Lou Lescuyer De Decker^1,2, Dirk Kerzel¹; ¹University of Geneva, ²University of Lausanne

The signal suppression hypothesis posits that the brain actively inhibits salient distractors to prevent attentional capture. While the distractor positivity (PD) is established as an electrophysiological marker of this suppression, its functional independence from target discrimination processes remains an open question. Adapting Drisdelle and Eimer (2021)’s paradigm, we orthogonally manipulated target (shape-defined) and distractor (color-singleton) presence in a visual search task, such that they never occupied the same axis. Participants had to enumerate targets across 4 sequential displays and then report how many they detected. To disentangle target and distractor processing, we contrasted displays where both target and distractor were present against displays where either target or distractor was absent. We hypothesized that isolating these components would reveal distinct electrophysiological signatures for capture (N2pc) and suppression (PD). Using a bootstrap-based approach adapted from Sawaki et al. (2012) we observed a comparable N2pc for all target-present conditions, regardless of distractor presence. Crucially, distractors elicited an early PD (105-224ms) in both target-present and target-absent conditions. Interestingly, this PD was larger in target-absent trials. Furthermore, it was consistently followed by a distractor-elicited N2pc (234-311ms). These findings support the existence of a rapid, active inhibitory mechanism that operates before attentional selection. However, the attenuated PD with concurrent target processing suggests that suppression efficiency is resource-dependent, resulting in less inhibition. The subsequent N2pc indicates that despite early inhibition, salient distractors still trigger delayed attentional orienting.

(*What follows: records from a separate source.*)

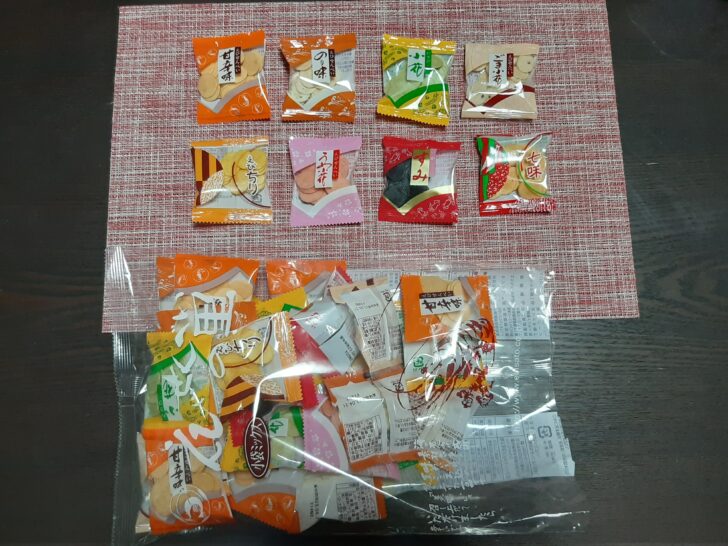 何が良いのかというと、小さめのえびせんべい8種類が、小袋に入っていて、色々な味を楽しめるのと、1袋の量が少ないので小腹が空いた時に気軽に食べられるし、個装なので湿気ることもないんです。
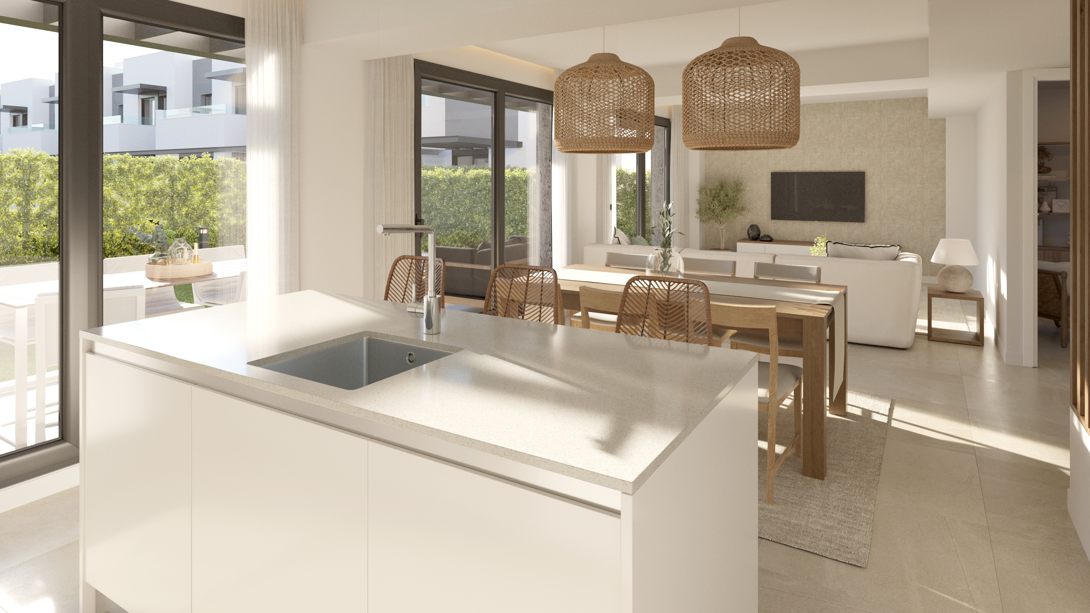 The beautiful garden is 130 square metres and includes an inviting swimming pool.This property combines modern and luxurious design with open spaces and modern functionalities.
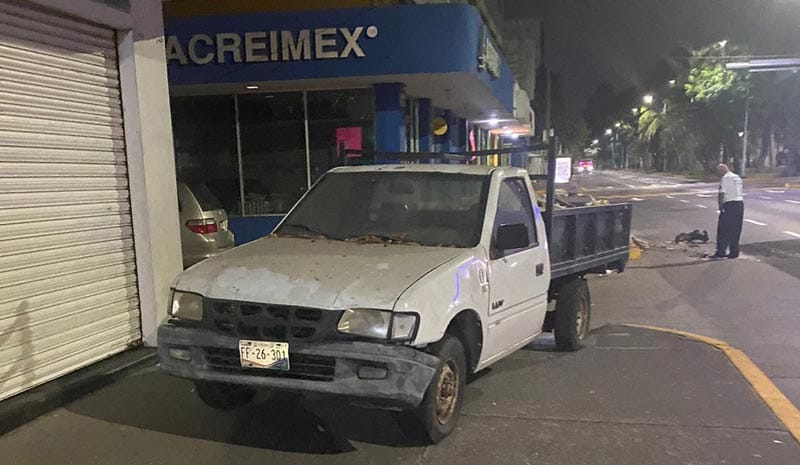 Al volantear perdió el control de la unidad y chocó contra la unidad estacionada. Luego arribaron los oficiales peritos de Tránsito Municipal de Veracruz para hacerse cargo y deslindar responsabilidades.
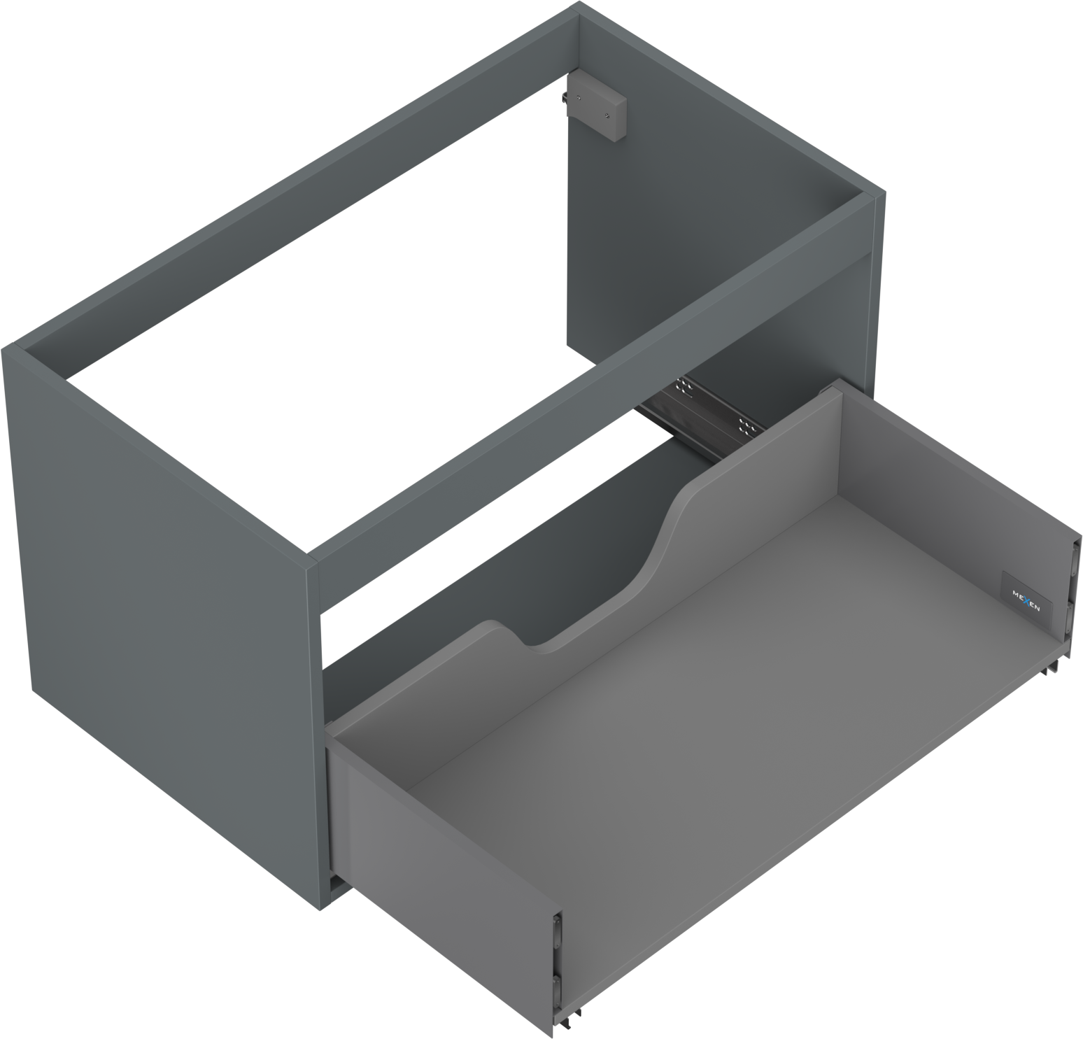 Výrez v zásuvke je navrhnutý tak, aby pojal sifón, ktorý je nevyhnutný v umývadlových inštaláciách. Vďaka tomu môže byť nábytok namontovaný plne funkčne, bez nutnosti vzdávať sa priestoru v zásuvke v prospech inštalácie.

To gather definitive evidence, we extended the paradigm to a multimodal setup combining EEG with frequency-domain fNIRS. We are currently running this protocol with the hypothesis that the PD will correlate with an enhanced activation in frontal inhibitory regions (anterior cingulate cortex and prefrontal cortex) and a reduced activity in the visual cortex contralateral to the distractor, confirming the inhibitory nature of this component.

Acknowledgements: This work is supported by the Swiss National Science Foundation (SNSF) grant n°10001_386.